Telangana High Court
K.Rama Devi vs State Of Telangana Another on 31 October, 2022
Author: D.Nagarjun
Bench: D.Nagarjun
THE HON'BLE DR. JUSTICE D.NAGARJUN
CRIMINAL PETITION No.10723 of 2016
ORDER:
This petition is filed by the petitioner/A3 seeking quashment of C.C.No.499 of 2015 filed by the Drug Inspector, Medchal Zone alleging that the petitioner has violated the provisions of the Drugs and Cosmetics Act, 1940 (for short, "the Act") and liable for punishment under Section 18(a)(vi) and 27(d) of the Act.

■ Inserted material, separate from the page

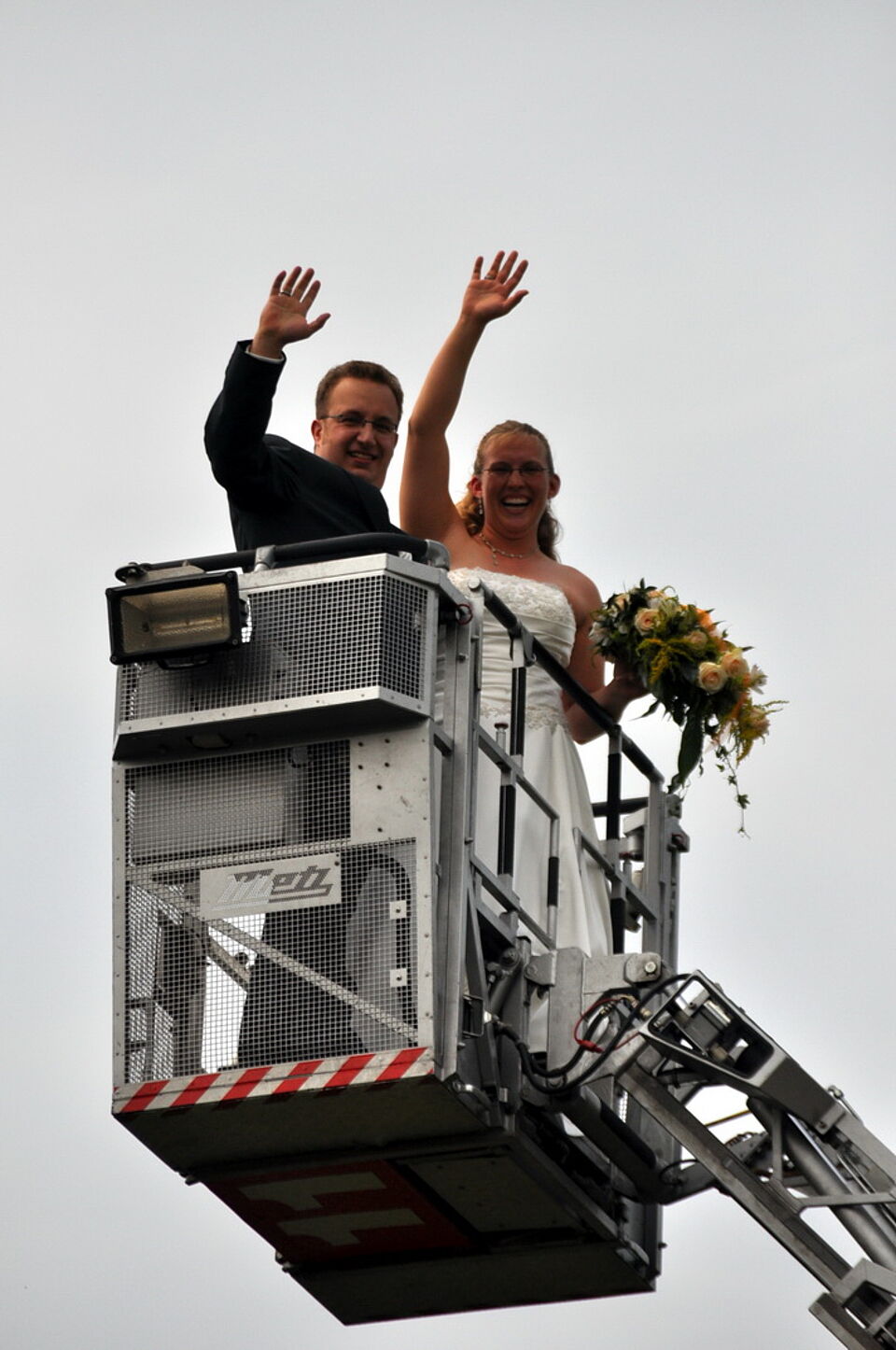 Einer der Höhepunkte für das neue Brautpaar dürfte sicherlich der Ausblick auf die Römerstadt aus gut 25 Metern Höhe gewesen sein. Denn die Kameraden der Feuerwehr luden sie zur Ausfahrt mit der Drehleiter durch die Römerstadt ein - unter dem Beifall der Hochzeitsgäste ging es für die beiden zum ersten Mal hoch hinaus.

2. The facts in brief as per the complaint filed by the de- facto complainant are that A1/M/s. concord Drugs Limited is a manufacturing company situated at Sy.No.249 of Brahmanapally Village, Hayathnagar, Ranga Reddy District represented by A2/Managing Director. A1 company manufactures drug Cloper Injection (Diclofenac sodium and Paracetamol Injection 3 ml ampouls Batch No.CPR- 0601, marketed by M/s. Beulah Biomedics Limited and the said drug was manufactured for sale without having product manufacturing license. Petitioner/A3 by name K. Rama Devi is the Proprietor-cum-competent person of the firm M/s. Beulah Biomedics, situated in Sy.No.588, Kapra. 2
3. On credible information, the de-facto complainant/drug inspector inspected the premises on 29.01.2013 belonging to the petitioner/A3, which is M/s. Beulah Biomedics, where the petitioner/A3 was found. The de-facto complainant has found the petitioner/A3 has stocked the drug Clopar Injection in a quantity of 12,840x3ml ampoules manufactured by A1 as per invoices No.132 dated 07.10.2010, invoice No.65 dated 24.07.2012 and invoice No.159 dated 08.11.2012. The de-facto complainant has asked the petitioner/A3 to provide the license copy of A1 company for manufacturing the drug Clopar injection, but the petitioner failed to furnish the license of A1 company to manufacture the drug. Since the petitioner/A3 has failed to provide the license details of A1 company, the drug inspector has freezed the drug Clopar Injection for a quantity of 12,840x3ml ampoules vide Form 15, dated 29.01.2013.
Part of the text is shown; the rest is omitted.